▸ WORK INSTRUCTION
Please give the whole listing again exactly, without any of its pictures.

▸ ENTRIES SHOWN

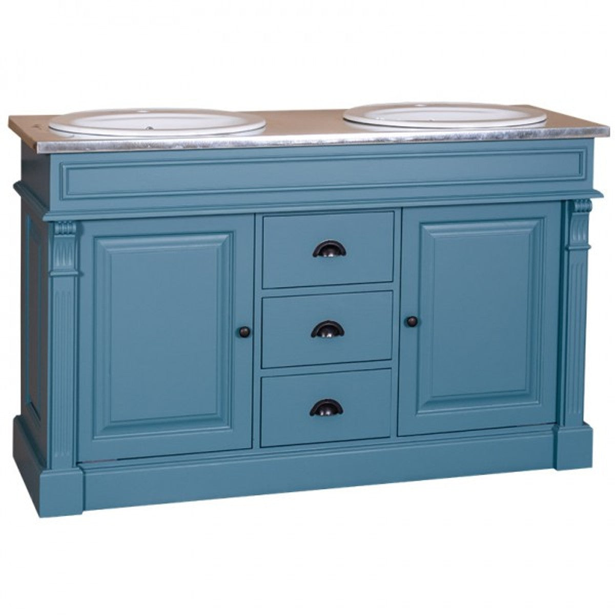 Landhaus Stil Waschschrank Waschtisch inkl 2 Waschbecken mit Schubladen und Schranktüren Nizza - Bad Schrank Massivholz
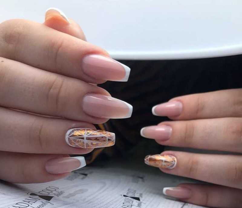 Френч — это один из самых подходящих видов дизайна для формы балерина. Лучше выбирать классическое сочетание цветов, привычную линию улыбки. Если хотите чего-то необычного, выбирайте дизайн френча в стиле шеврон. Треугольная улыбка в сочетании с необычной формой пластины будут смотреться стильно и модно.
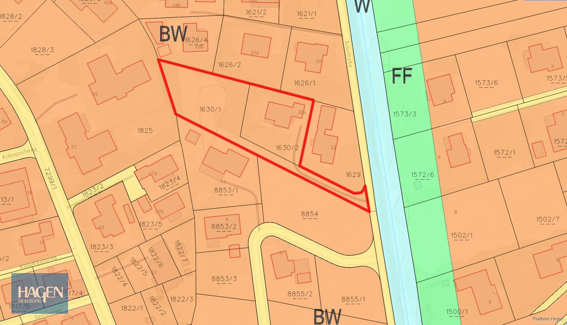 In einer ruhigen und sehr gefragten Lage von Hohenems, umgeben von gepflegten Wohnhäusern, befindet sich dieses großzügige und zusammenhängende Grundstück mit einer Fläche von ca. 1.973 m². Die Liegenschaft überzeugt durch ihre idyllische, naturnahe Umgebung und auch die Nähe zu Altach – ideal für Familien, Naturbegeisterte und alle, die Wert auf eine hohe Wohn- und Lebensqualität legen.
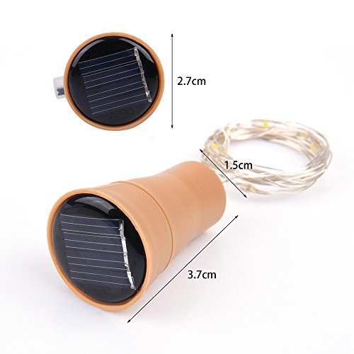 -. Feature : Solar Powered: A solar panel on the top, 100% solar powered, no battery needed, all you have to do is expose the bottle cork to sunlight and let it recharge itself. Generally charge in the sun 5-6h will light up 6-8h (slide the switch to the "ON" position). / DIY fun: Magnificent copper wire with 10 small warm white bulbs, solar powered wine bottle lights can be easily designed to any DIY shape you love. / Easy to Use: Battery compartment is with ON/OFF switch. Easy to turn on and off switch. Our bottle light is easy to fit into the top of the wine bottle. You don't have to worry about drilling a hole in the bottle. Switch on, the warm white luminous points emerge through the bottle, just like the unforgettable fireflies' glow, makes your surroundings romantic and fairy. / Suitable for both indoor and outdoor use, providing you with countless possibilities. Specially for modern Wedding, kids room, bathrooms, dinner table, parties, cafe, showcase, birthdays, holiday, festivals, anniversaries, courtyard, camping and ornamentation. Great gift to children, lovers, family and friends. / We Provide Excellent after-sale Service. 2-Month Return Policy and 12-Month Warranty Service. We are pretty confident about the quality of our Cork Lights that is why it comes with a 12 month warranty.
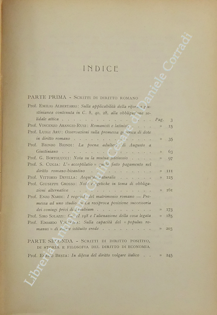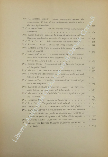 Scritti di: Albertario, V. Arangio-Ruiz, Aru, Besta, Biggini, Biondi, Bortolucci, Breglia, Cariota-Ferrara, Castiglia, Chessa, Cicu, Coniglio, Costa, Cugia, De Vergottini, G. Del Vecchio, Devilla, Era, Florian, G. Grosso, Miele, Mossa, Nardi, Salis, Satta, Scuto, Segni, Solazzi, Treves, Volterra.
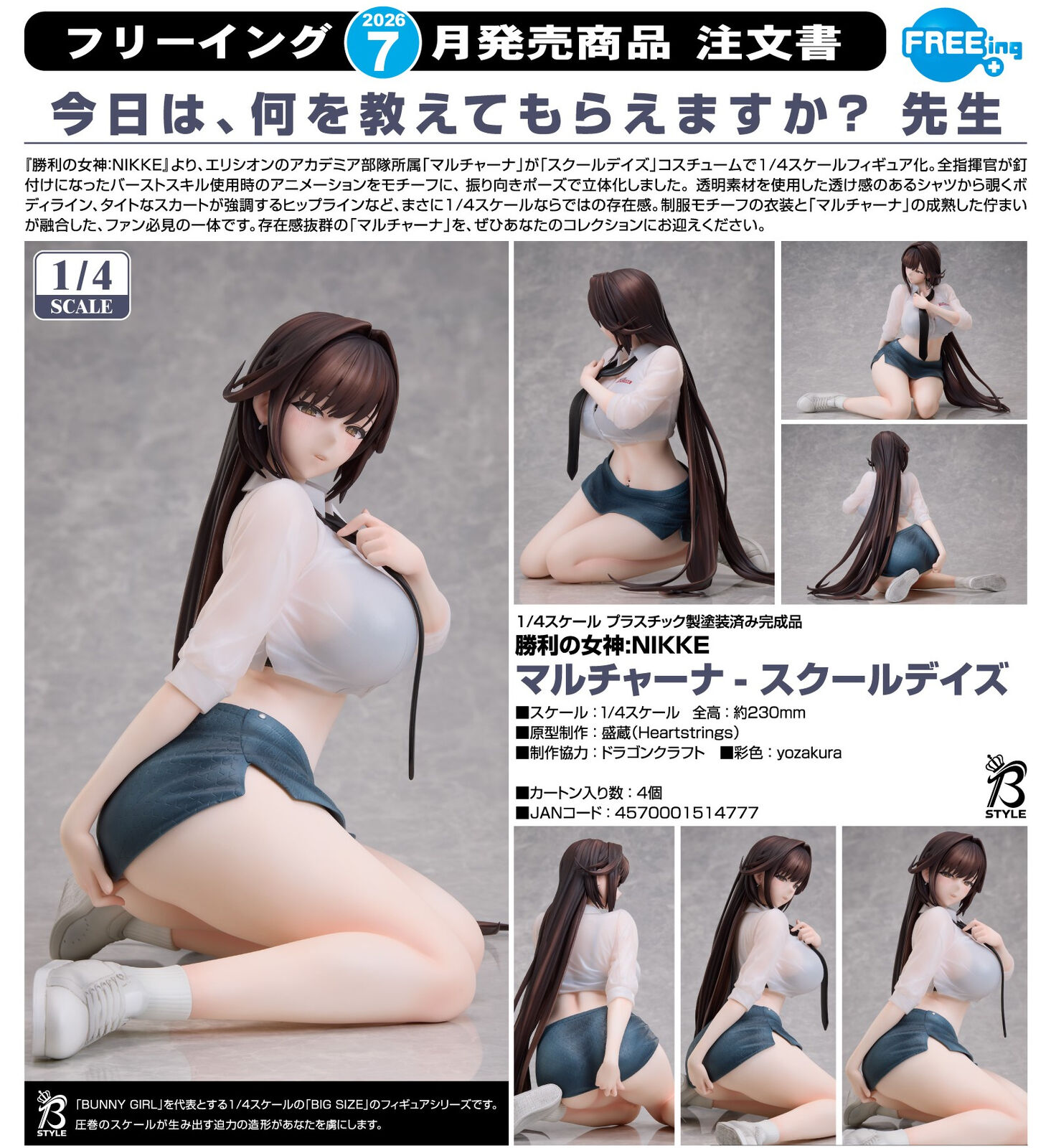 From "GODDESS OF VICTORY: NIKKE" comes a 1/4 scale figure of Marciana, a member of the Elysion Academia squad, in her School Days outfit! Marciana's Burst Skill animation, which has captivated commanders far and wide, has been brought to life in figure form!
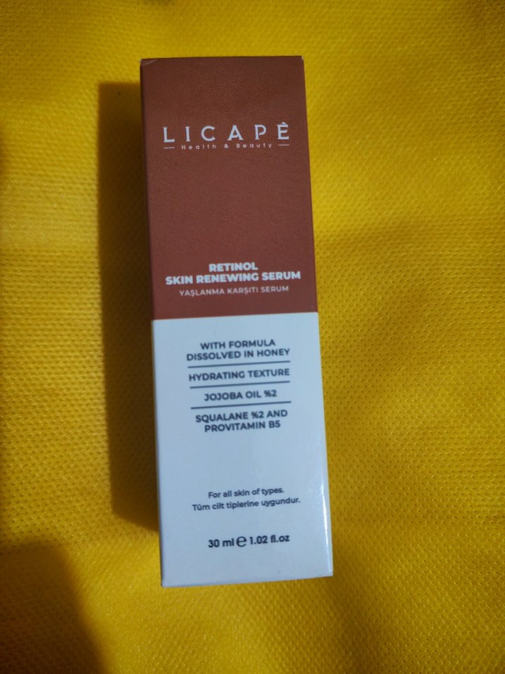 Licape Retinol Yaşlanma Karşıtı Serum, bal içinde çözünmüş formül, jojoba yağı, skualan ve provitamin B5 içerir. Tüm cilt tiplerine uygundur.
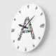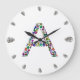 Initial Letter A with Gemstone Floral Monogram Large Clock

▸ ANSWER SECTION
 Landhaus Stil Waschschrank Waschtisch inkl 2 Waschbecken mit Schubladen und Schranktüren Nizza - Bad Schrank Massivholz
 Френч — это один из самых подходящих видов дизайна для формы балерина. Лучше выбирать классическое сочетание цветов, привычную линию улыбки. Если хотите чего-то необычного, выбирайте дизайн френча в стиле шеврон. Треугольная улыбка в сочетании с необычной формой пластины будут смотреться стильно и модно.
 In einer ruhigen und sehr gefragten Lage von Hohenems, umgeben von gepflegten Wohnhäusern, befindet sich dieses großzügige und zusammenhängende Grundstück mit einer Fläche von ca. 1.973 m². Die Liegenschaft überzeugt durch ihre idyllische, naturnahe Umgebung und auch die Nähe zu Altach – ideal für Familien, Naturbegeisterte und alle, die Wert auf eine hohe Wohn- und Lebensqualität legen.
 -. Feature : Solar Powered: A solar panel on the top, 100% solar powered, no battery needed, all you have to do is expose the bottle cork to sunlight and let it recharge itself. Generally charge in the sun 5-6h will light up 6-8h (slide the switch to the "ON" position). / DIY fun: Magnificent copper wire with 10 small warm white bulbs, solar powered wine bottle lights can be easily designed to any DIY shape you love. / Easy to Use: Battery compartment is with ON/OFF switch. Easy to turn on and off switch. Our bottle light is easy to fit into the top of the wine bottle. You don't have to worry about drilling a hole in the bottle. Switch on, the warm white luminous points emerge through the bottle, just like the unforgettable fireflies' glow, makes your surroundings romantic and fairy. / Suitable for both indoor and outdoor use, providing you with countless possibilities. Specially for modern Wedding, kids room, bathrooms, dinner table, parties, cafe, showcase, birthdays, holiday, festivals, anniversaries, courtyard, camping and ornamentation. Great gift to children, lovers, family and friends. / We Provide Excellent after-sale Service. 2-Month Return Policy and 12-Month Warranty Service. We are pretty confident about the quality of our Cork Lights that is why it comes with a 12 month warranty.
 Scritti di: Albertario, V. Arangio-Ruiz, Aru, Besta, Biggini, Biondi, Bortolucci, Breglia, Cariota-Ferrara, Castiglia, Chessa, Cicu, Coniglio, Costa, Cugia, De Vergottini, G. Del Vecchio, Devilla, Era, Florian, G. Grosso, Miele, Mossa, Nardi, Salis, Satta, Scuto, Segni, Solazzi, Treves, Volterra.
 From "GODDESS OF VICTORY: NIKKE" comes a 1/4 scale figure of Marciana, a member of the Elysion Academia squad, in her School Days outfit! Marciana's Burst Skill animation, which has captivated commanders far and wide, has been brought to life in figure form!
 Licape Retinol Yaşlanma Karşıtı Serum, bal içinde çözünmüş formül, jojoba yağı, skualan ve provitamin B5 içerir. Tüm cilt tiplerine uygundur.
 Initial Letter A with Gemstone Floral Monogram Large Clock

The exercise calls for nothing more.